It is commonly referred to as the Herdsman, other interpretations are Plowman and Bear Watcher.

Ancient Babylon

In Babylonian star catalogues, the constellation later known as Boötes was listed as MUL.SHU.PA.

The stars were depicted as the god Enlil, the chief deity of the Sumerian pantheon.

In Sumerian and Babylonian Mythology, Enlil was the patron of farmers and associated with wind, air, earth, and storms.

Sources: Wikipedia and J.H. Rogers: Origins of the ancient constellations

Statuette of Enlil, 1800 – 1600 BC
Source: Wikipedia

Ancient Greece

According to Ian Ridpath, the name Boötes (Greek: Βοώτης)
"... probably comes from a Greek word meaning ‘noisy’ or ‘clamorous’, referring to the herdsman’s shouts to his animals."

R.H. Allen identifies that Greek word as Boetes (Βοητής), meaning clamorous.

Boötes is one of the oldest Greek constellation names, already mentioned as a navigational aid in the Odyssey. Because of Boötes' proximity to Ursa Major, the Greek legends of both constellations are closely related.

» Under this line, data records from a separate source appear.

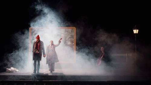 Pour la seconde histoire, en 1992, le mur est tombé et le socialisme met le cap à l’ouest. Le train miniature est remplacé par deux tapis roulants sur lesquels les protagonistes marchent pour signifier le dialogue impromptu le long des boulevards nocturnes. L’écran derrière eux renvoie des perspectives urbaines parisiennes. Et le compartiment du train à cour s’est transformé en petite place de quartier avec un banc public et un lampadaire. Une ultime déambulation pour dire le désespoir et l’amour impossible.
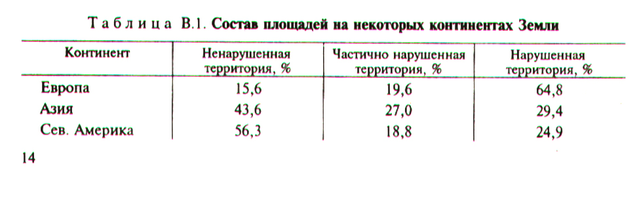 Данные таблицы показывают, что на планете осталось мало территории с ненарушенными экосистемами. В наибольшей степени экосистемы разрушены в развитых странах - в Европе, Северной Америке, Японии. Здесь естественные экосистемы сохранились в основном на ограниченных площадях, они представляют собой небольшие пятна биосферы, окруженные со всех сторон нарушенными деятельностью человека территориями и поэтому подвержены сильному техносферному давлению.
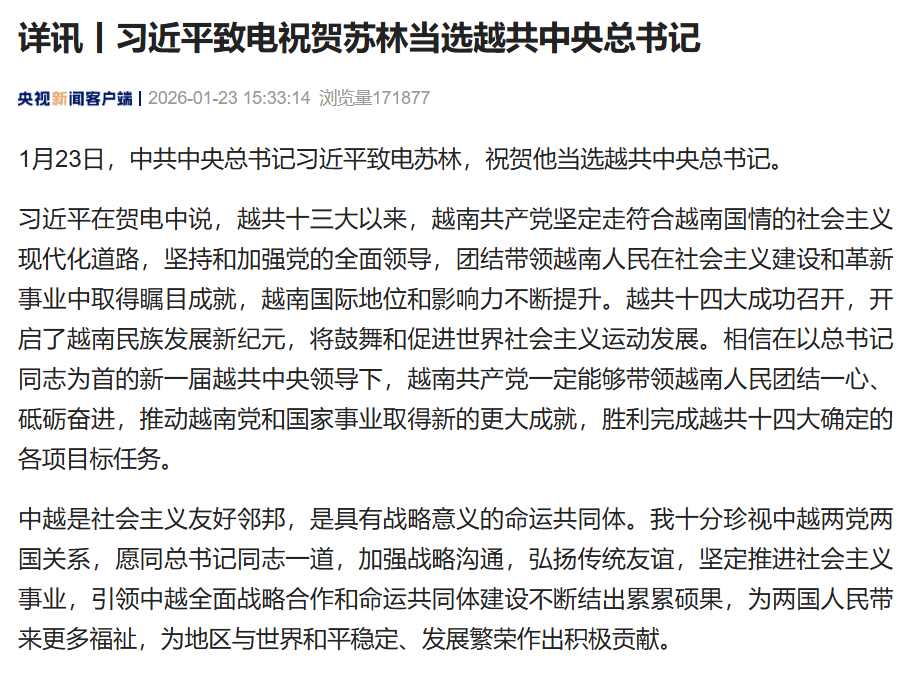 1月23日,中共中央总书记习近平致电苏林,祝贺他当选越共中央总书记。
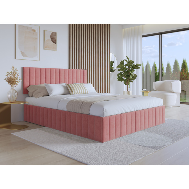 Čalúnené panely na stene za posteľou viditeľné na fotografii nie sú súčasťou ponuky.
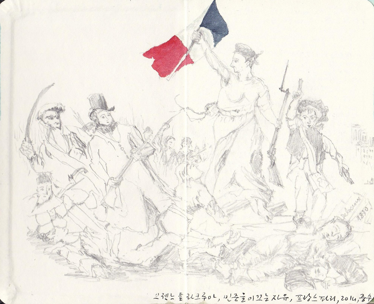 떠오르는 기억 하나, 파리 루브르 박물관에서 나는 한참 동안 들라크루아의 그림 <민중을 이끄는 자유>를 바라보고 또 바라보고 있었다. 그림에서 시선을 뗀 경우는 누군가 내게 와서 모나리자가 걸려 있는 전시실 방향을 물었을 때뿐이다. 새로운 주제전이 개최될 때마다 루브르 박물관을 드나들면서 이제는 들라크루아의 그림을 외울 정도로 익숙해졌다. 그래서 이번에는 그림만 바라보는 것이 아니라 들라크루아의 그림을 한번 복사해 보자는 생각까지 하게 되었다.
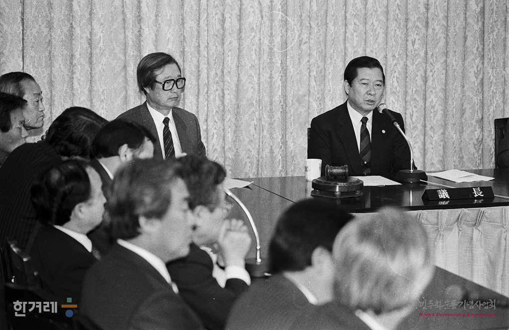 - 1989년 3월 20일 노태우대통령의 현시점에서 중간평가를 실시하지 않겠다는 담화를 발표함에 따라 평민당 중앙당사에서 김대중 총재를 비롯한 간부들이 대책회의를 하고 있다.
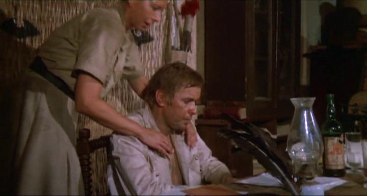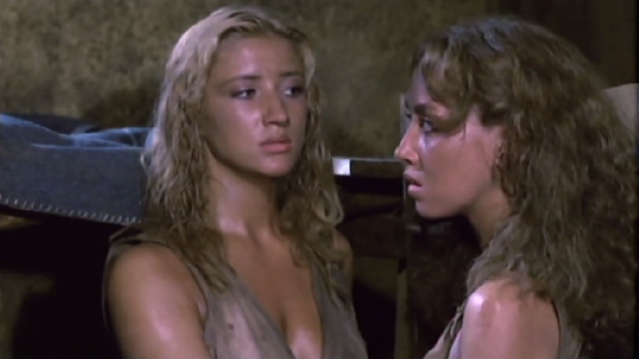 Que proposent les films WIP ? Tout d’abord, de jolies femmes incarcérées, soit dans une vraie prison soit dans un camp exotique à se crever de fatigue à des travaux forcés. Mulargia — dont on avait célébré dans ces mêmes colonnes un film plus ancien, Tropique du cancer — choisit la seconde thématique et, pour bien remplir son cahier des charges, nous fournit son lot de séquences attendues : les douches, les échanges saphiques et la brutalité sadique des gardiens… et ici d’une gardienne (Gota Gobert, connue aussi sous le nom d’Agota Gobertina). Pour satisfaire sa clientèle, Mulargia ajoute plusieurs scènes érotiques entre deux prisonnières ou un gardien et une prisonnière ou, curieusement, celle où Ajita Wilson, l’une des internées, se tortille nue devant la caméra et qui n’a rien à voir avec le moment où cette danse est intégrée. Tous ces instants ne servent bien sûr pas l’intrigue et se révèlent aujourd’hui assez inutiles, l’érotisme des tenues (de simples tuniques sur les corps nus, la plupart du temps largement ouvertes) suffisant amplement. Il faut d’ailleurs remarquer que Les Évadées contient davantage de ces scènes que Les Tortionnaires et que le scénario du second, avec des révolutionnaires menés par Anthony Steffen qui veulent s’emparer du camp et libérer les prisonnières, est beaucoup plus abouti. Le premier film est plutôt, mis à part tous les ingrédients du WIP, une histoire de rédemption. Steffen incarne un médecin alcoolique et désespéré qui, à la toute fin, va se décider à réagir.

One legend identifies Boötes as the hunter Arcas:

The nymph Callisto was once seduced by Zeus and gave birth to a son named Arcas.

Zeus' wife Hera punished Callisto by transforming her into a bear. Ian Ridpath tells us that "... for 15 years, Callisto roamed the woods in the shape of a bear, but still with a human mind. Once a huntress herself, she was now pursued by hunters. One day she came face to face with her son Arcas. Callisto recognized Arcas and tried to approach him, but he backed off in fear. He would have speared the bear, not knowing it was really his mother, had not Zeus intervened by sending a whirlwind that carried them up into heaven, where Zeus transformed Callisto into the constellation Ursa Major and Arcas into Boötes".

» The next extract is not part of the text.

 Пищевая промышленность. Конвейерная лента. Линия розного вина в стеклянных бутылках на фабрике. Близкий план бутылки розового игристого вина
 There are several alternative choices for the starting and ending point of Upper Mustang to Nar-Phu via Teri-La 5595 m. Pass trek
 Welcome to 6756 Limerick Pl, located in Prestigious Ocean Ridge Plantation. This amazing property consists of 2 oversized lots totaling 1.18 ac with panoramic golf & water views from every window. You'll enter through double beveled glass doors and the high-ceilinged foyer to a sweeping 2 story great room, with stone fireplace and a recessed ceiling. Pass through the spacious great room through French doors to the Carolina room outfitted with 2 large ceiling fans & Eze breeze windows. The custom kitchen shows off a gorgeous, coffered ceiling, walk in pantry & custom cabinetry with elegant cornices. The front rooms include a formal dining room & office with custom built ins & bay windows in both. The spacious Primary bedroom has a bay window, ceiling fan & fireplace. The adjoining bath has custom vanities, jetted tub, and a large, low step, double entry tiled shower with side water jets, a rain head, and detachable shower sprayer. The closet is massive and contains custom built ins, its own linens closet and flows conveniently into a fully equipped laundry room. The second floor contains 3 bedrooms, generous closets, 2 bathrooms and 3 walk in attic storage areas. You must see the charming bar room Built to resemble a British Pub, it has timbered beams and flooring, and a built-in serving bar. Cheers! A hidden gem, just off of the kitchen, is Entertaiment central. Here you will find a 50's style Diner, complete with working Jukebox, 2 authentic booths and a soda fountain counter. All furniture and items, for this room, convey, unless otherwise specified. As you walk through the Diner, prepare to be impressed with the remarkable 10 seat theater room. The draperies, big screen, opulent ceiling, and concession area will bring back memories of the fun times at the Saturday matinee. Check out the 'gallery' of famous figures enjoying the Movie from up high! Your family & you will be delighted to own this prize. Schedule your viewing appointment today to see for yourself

Sources: Wikipedia, Ian Ridpath

Boötes in a colored version of Uranometria

Arcas Preparing to Kill his Mother, Changed into a Bear; François Boucher, 1590
Source: Wikimedia

Another early Greek myth, later retold by Hyginus in his Poeticon Astronomicon, identifies the constellation as Icarius of Athens.

In this tale, Dionysus had taught Icarius how to make wine. Icarius gave his wine to some shepherds, who rapidly became drunk. Not knowing what had happened to them, the suspected Icarius of poisoning them and killed him.

When Icarius' daughter Erigone and his dog Maera (see Canis Minor) discovered the slain Icarius, they both took their own lives where Icarius lay. Zeus places Icarius, Maera and Erigone in the stars as the constellations Boötes, Canis Minor and Virgo.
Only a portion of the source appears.